I. Installing via NuGet
The easiest and preffered way to do that is to install Lucene.Net NuGet package.
Method 1 - using NuGet Package Manager Console
Open Package Manager Console in Visual Studio by clicking:
View > Other Windows > Package Manager Console
And once console will pop at the bottom, lets first search for 'lucene', by typing
'get-package -remote -filter lucene' in the prompt:
Screenshot 1.
From the search results we can see that there is a number of different packages available for us. For the most part those packages only extend default Lucene.Net functionality. They will be not covered in this article, but you can play with them later on your own. The only package we will need is a barebone Lucene.Net.
So, to install it let's type 'install-package Lucene.Net':
Screenshot 2.
And, boom! NuGet did a good job again - Lucene.Net is installed and referenced!

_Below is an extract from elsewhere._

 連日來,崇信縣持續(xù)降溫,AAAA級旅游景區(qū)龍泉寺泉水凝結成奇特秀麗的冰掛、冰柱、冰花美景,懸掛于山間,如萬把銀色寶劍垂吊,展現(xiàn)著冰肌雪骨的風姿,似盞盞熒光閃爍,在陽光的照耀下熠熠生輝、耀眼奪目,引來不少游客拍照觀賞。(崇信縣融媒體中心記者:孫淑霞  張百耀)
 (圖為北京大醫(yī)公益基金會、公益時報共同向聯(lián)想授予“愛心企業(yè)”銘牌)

Method 2 - using NuGet UI tool
If you are not a fan of typing stuff into any sorts of consoles ("...Console? Console?! what a nonsense, sir/madam!...") or it is not working for any reason, you can use neat NuGet UI. Right click on your project and then click on 'Manage NuGet Packages...':
Screenshot 3.
A nice and clean window will pop up. There, first select: Online > All, then in the search box type 'Lucene.Net', than select Lucene.Net from the list and hit 'Install' (I got it installed already, so it shows green icon instead of 'Install' button):
Screenshot 4.
And, that's it you are ready to go!
II. Installing manually
Alternatively you can just download Lucene.Net here - Download Lucene Binaries from official site.

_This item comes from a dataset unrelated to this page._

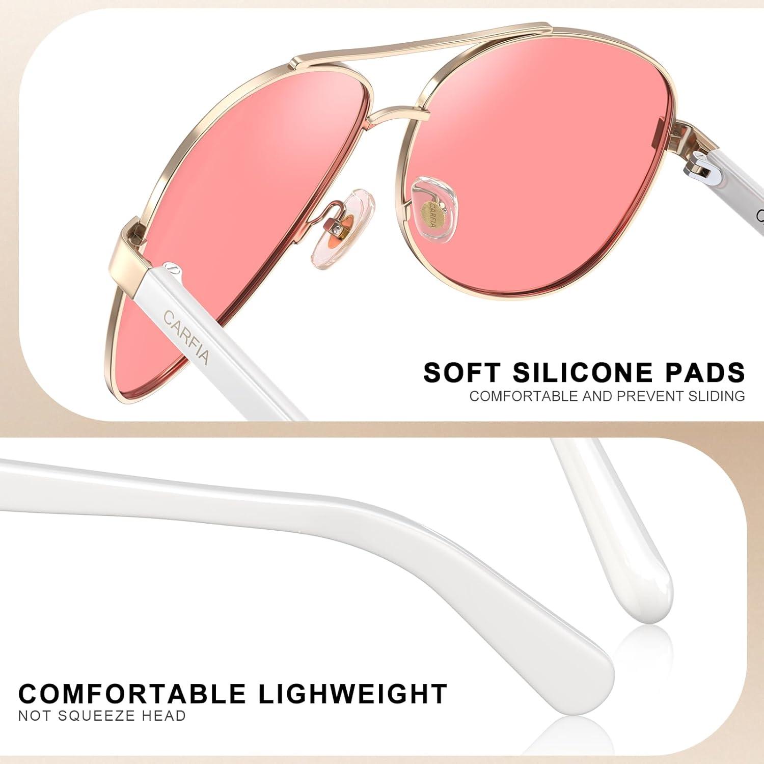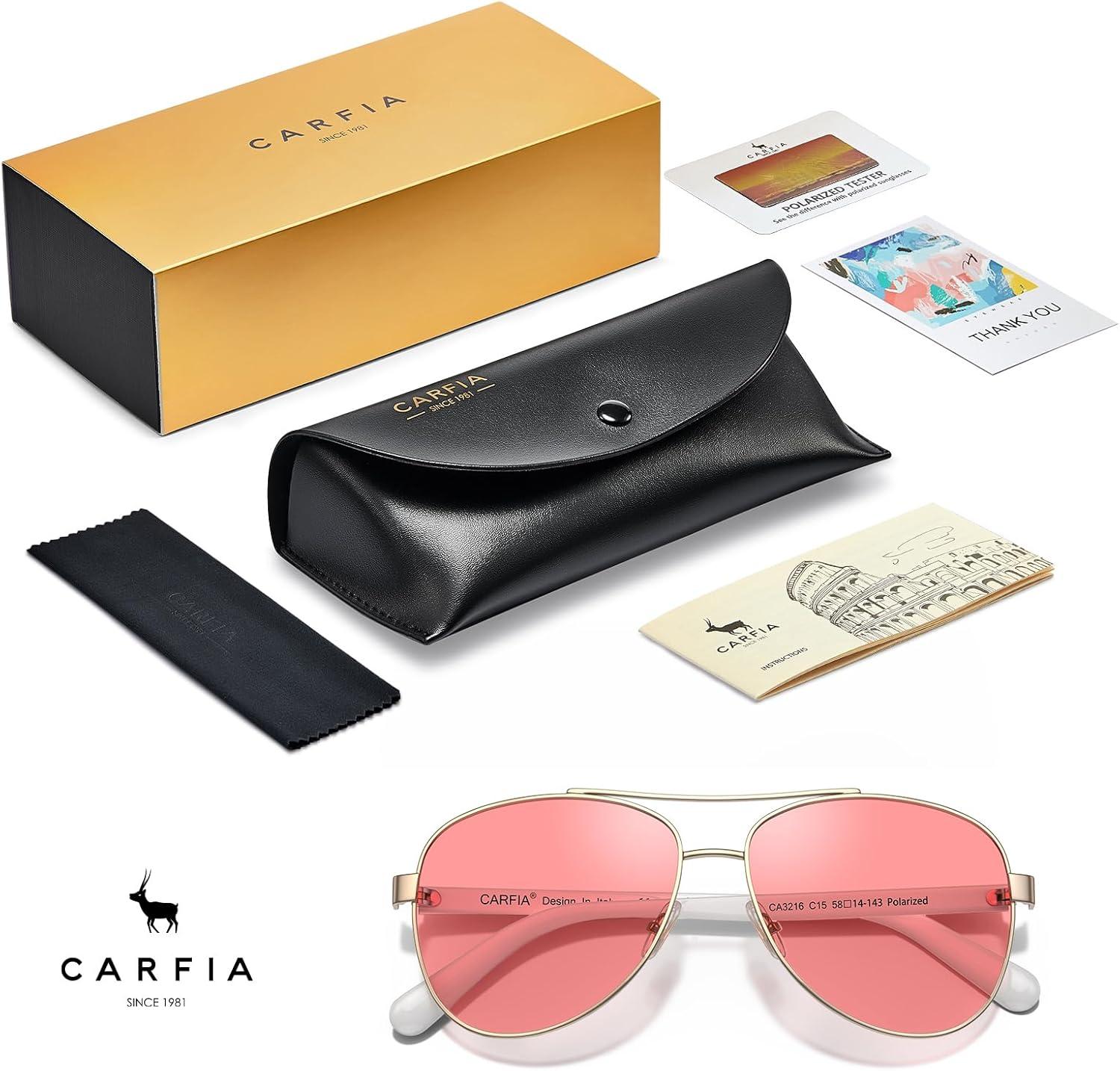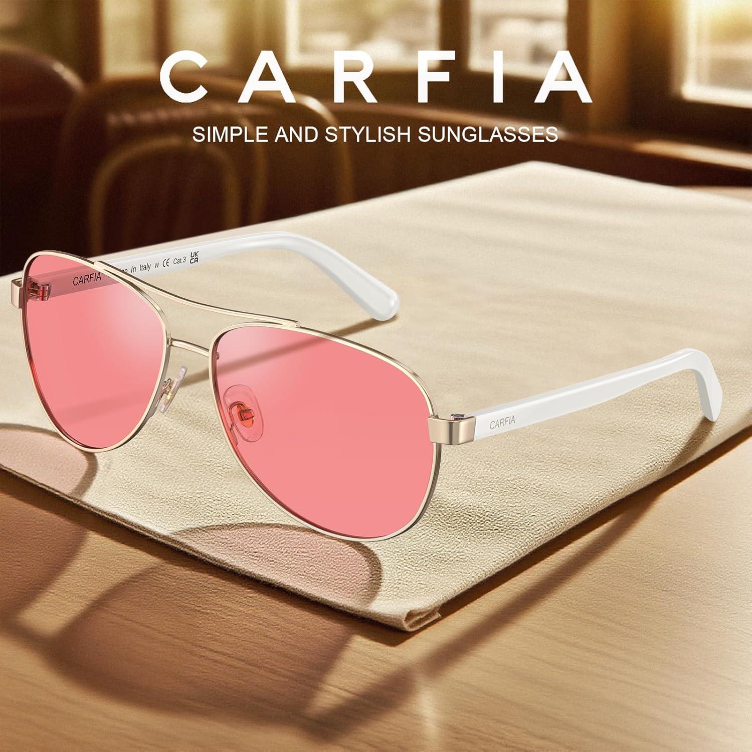 imageCARFIA Retro Trendy Pilot Sunglasses for Women Polarized UV Protection Lightweight Outdoor Driving Lady Sunnies Metal Frame51 Gold Frame Pink Lens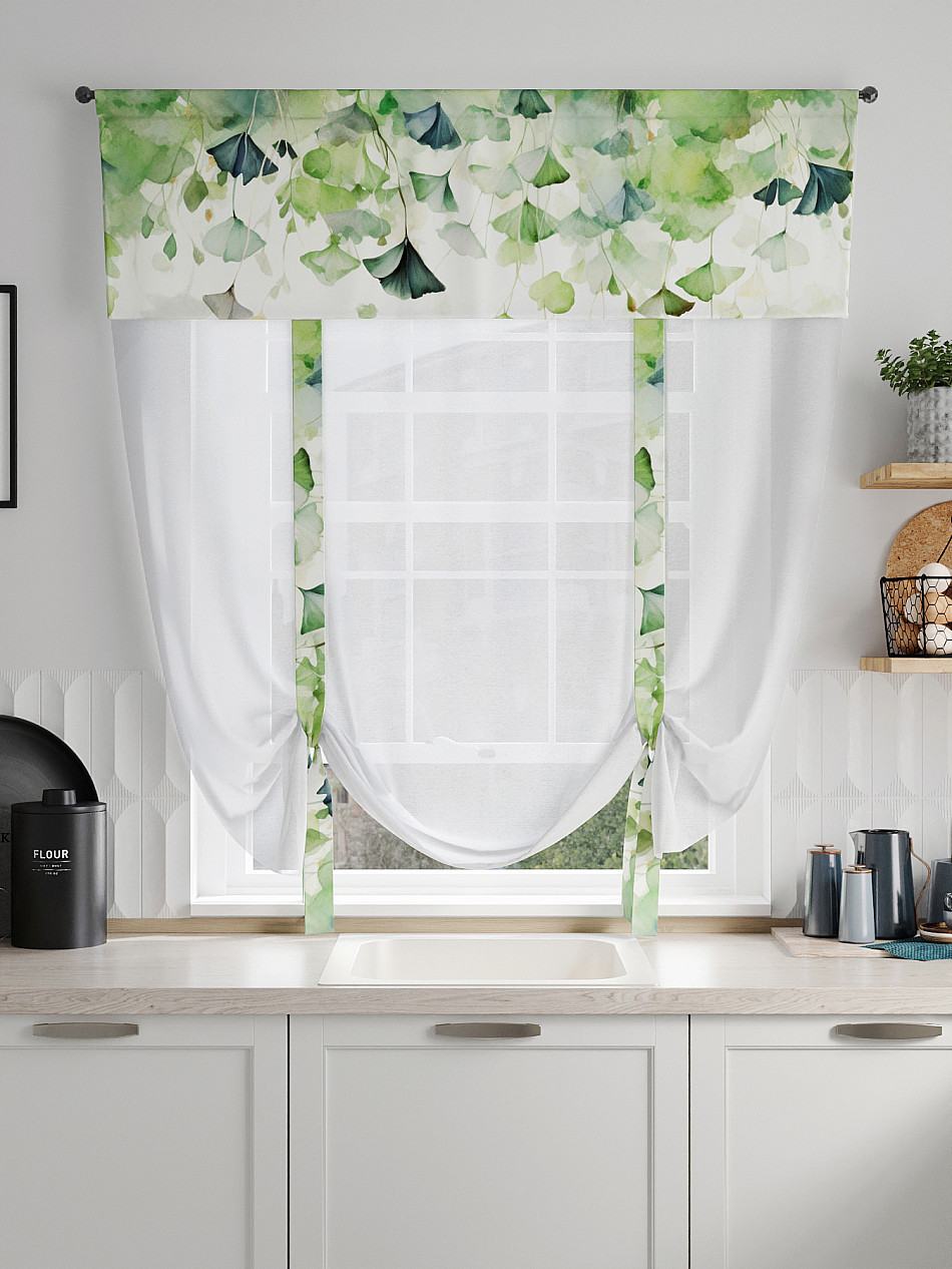 ВыбратьТюль 1 шт. Легкий, мягкий тюль из вуали дополнен отделкой в виде декоративных завязок и ламбрекеном, оформленным фотопечатью. Тюль имитирует римскую штору. Подъем и опускание осуществляется за счет декоративных лент. Вуаль с матовой полупрозрачной текстурой. Отличается особым шиком, идеально подходит для создания воздушных штор. Придает ощущение свежести, хорошо пропускает воздух. Ткань неприхотлива в уходе, хорошо стирается без разрушения волокон с течением времени за счет высокого кручения нитей.

After that, manually copy lucene.net.dll from archive to you bin folder and manually reference it.
So, once everything is installed, let's proceed with our search implementation!

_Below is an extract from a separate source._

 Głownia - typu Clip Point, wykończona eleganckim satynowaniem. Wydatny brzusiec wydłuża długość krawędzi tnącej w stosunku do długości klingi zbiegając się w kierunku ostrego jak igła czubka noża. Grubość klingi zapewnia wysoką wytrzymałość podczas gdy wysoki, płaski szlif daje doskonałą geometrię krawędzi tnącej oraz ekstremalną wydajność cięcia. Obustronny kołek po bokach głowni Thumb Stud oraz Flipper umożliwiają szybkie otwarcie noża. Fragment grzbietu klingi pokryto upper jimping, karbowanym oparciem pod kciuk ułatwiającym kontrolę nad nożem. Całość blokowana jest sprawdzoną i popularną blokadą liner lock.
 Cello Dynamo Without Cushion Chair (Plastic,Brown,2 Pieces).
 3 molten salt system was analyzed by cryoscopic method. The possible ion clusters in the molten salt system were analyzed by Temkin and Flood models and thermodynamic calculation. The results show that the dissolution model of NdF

Implementing search, Step-by-Step
Step 1 - create sample data source
In order to use Lucene.Net, we need firstly to create Lucene search index from some set of data (most probably from database). Lucene search index is just a set of text files that Lucene.Net creates, and we'll create it later. So, for our tutorial, let's create an empty SampleData.cs file and add some generic data object into it:
namespace MvcLuceneSampleApp.Search { public class SampleData { public int Id { get; set; } public string Name { get; set; } public string Description { get; set; } } }
This class can represent any data you wish, and of course you can create your own class or use existing one. Also, whenever it will come to testing Lucene, you may want to create a simple static data source repository based on aSampleData
class above, and you can stick that code into same SampleData.cs file, you've just created:
using System.Collections.Generic; using System.Linq; namespace MvcLuceneSampleApp.Search { public static class SampleDataRepository { public static SampleData Get(int id) { return GetAll().SingleOrDefault(x => x.Id.Equals(id)); } public static List<SampleData> GetAll() { return new List<SampleData> { new SampleData {Id = 1, Name = "Belgrad", Description = "City in Serbia"}, new SampleData {Id = 2, Name = "Moscow", Description = "City in Russia"}, new SampleData {Id = 3, Name = "Chicago", Description = "City in USA"}, new SampleData {Id = 4, Name = "Mumbai", Description = "City in India"}, new SampleData {Id = 5, Name = "Hong-Kong", Description = "City in Hong-Kong"}, }; }}}
Step summary:
We have created sample data source with generic data class SampleData
and sample repositorySampleDataRepository
to retrieve our static data.
Step 2 - create base empty Lucene search class
Now let's create an empty LuceneSearch.cs file, and copy following there:
using System; using System.Collections.Generic; using System.IO; using System.Linq; using System.Web; using Lucene.Net.Analysis.Standard; using Lucene.Net.Documents; using Lucene.Net.Index; using Lucene.Net.QueryParsers; using Lucene.Net.Search; using Lucene.Net.Store; using Version = Lucene.Net.Util.Version; namespace MvcLuceneSampleApp.Search { public static class LuceneSearch { //todo: we will add required Lucene methods here, step-by-step... } }
We will be adding all required methods to do all search related tasks to that class. At that moment you can make sure all your references are correct by building your site, and if build fails, fix your references.
Step summary:
We have created empty LuceneSearch
class.
Step 3 - add Lucene search index directory handler
So, let's see what we got now - SampleData
class, which represents some data, and LuceneSearch
class which is supposed to do a search. But it's empty. So, it needs some code to do the job, right?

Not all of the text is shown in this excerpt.